-------- Data for the task
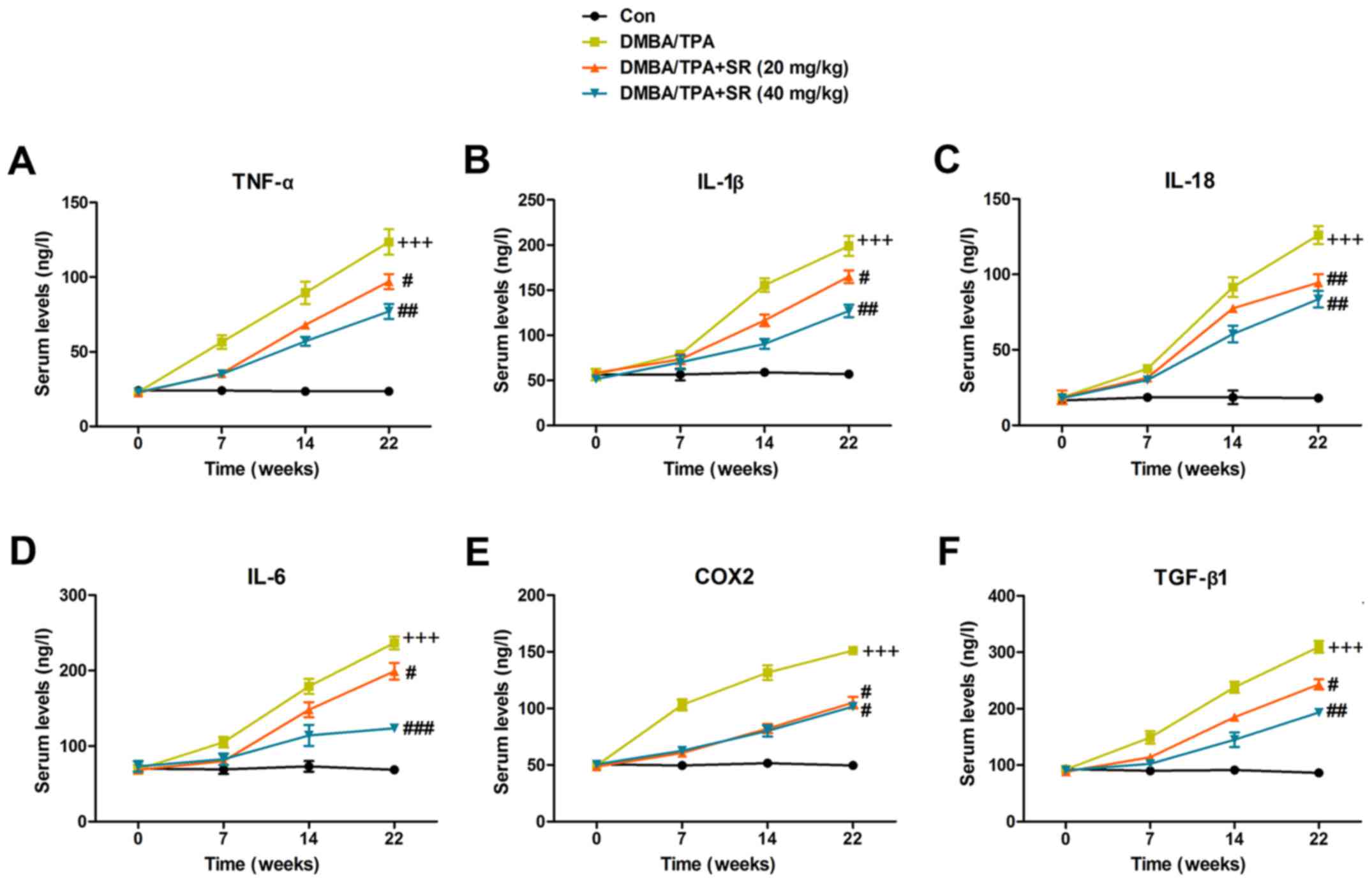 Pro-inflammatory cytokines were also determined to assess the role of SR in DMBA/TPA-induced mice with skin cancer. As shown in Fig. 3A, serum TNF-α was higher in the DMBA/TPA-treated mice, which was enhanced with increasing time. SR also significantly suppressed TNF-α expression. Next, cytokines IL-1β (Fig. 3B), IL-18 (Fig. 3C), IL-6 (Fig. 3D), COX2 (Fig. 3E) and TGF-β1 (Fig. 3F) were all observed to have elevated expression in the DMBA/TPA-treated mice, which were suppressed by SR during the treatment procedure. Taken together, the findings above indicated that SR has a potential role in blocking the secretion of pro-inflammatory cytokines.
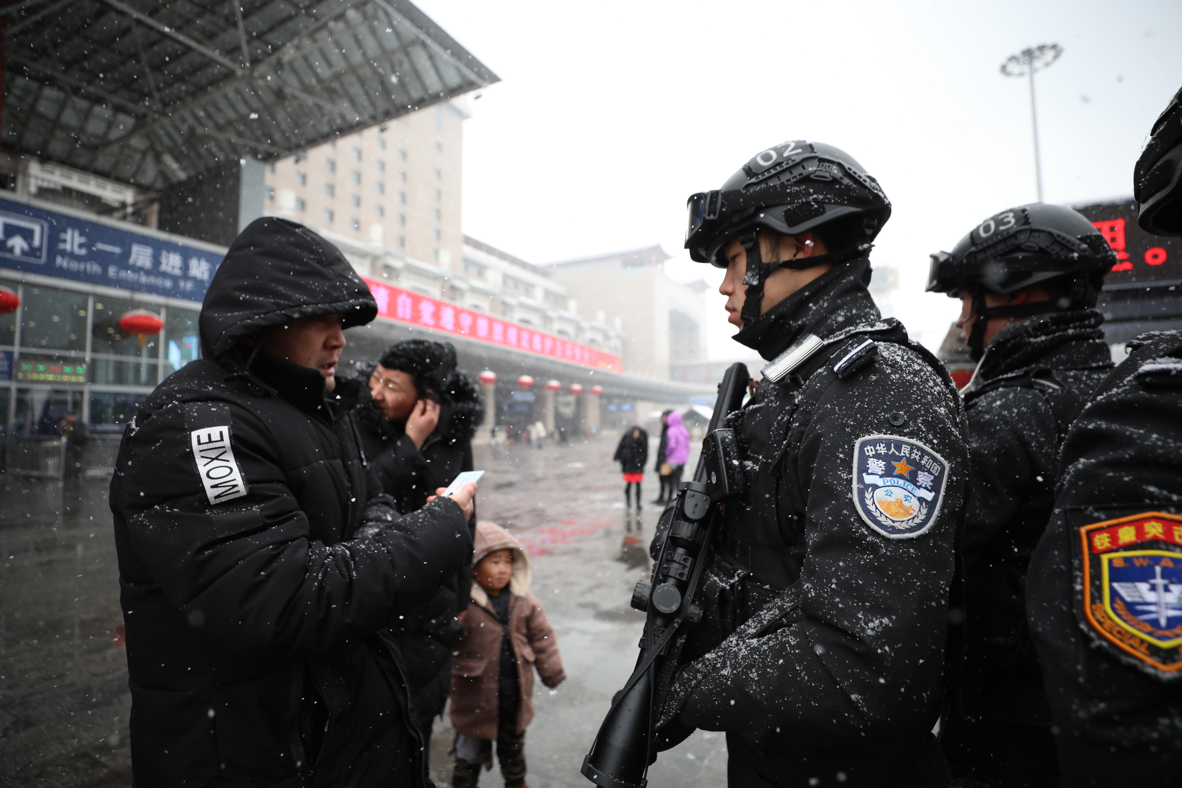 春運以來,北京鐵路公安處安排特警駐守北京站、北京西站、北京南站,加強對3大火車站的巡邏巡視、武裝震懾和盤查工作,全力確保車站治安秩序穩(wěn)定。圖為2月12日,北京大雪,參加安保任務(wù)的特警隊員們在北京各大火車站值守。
----------------
-------- Data for the task
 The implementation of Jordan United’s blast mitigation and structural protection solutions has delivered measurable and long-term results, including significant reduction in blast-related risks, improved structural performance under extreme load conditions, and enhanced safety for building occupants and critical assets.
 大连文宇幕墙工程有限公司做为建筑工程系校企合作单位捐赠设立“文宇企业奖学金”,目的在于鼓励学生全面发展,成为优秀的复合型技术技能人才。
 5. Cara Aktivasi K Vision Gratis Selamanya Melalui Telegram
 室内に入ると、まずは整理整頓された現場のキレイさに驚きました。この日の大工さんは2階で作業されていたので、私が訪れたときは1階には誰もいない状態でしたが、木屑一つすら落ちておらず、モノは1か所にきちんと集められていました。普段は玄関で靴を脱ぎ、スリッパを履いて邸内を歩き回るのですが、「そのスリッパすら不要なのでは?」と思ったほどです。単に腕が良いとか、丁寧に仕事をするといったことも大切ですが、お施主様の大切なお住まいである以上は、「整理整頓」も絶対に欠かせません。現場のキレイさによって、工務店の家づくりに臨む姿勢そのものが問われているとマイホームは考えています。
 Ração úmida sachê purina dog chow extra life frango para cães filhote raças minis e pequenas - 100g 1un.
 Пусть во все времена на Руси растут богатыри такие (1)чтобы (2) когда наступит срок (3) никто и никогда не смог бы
----------------
→ The task:
From the data above, retype only the lines starting with the line with "Pro-inflammatory cytokines were" and going on through the line with "春運以來,北京鐵路公安處安排", exactly, leaving out the pictures.

→ Solution for this exercise:
 Pro-inflammatory cytokines were also determined to assess the role of SR in DMBA/TPA-induced mice with skin cancer. As shown in Fig. 3A, serum TNF-α was higher in the DMBA/TPA-treated mice, which was enhanced with increasing time. SR also significantly suppressed TNF-α expression. Next, cytokines IL-1β (Fig. 3B), IL-18 (Fig. 3C), IL-6 (Fig. 3D), COX2 (Fig. 3E) and TGF-β1 (Fig. 3F) were all observed to have elevated expression in the DMBA/TPA-treated mice, which were suppressed by SR during the treatment procedure. Taken together, the findings above indicated that SR has a potential role in blocking the secretion of pro-inflammatory cytokines.
 春運以來,北京鐵路公安處安排特警駐守北京站、北京西站、北京南站,加強對3大火車站的巡邏巡視、武裝震懾和盤查工作,全力確保車站治安秩序穩(wěn)定。圖為2月12日,北京大雪,參加安保任務(wù)的特警隊員們在北京各大火車站值守。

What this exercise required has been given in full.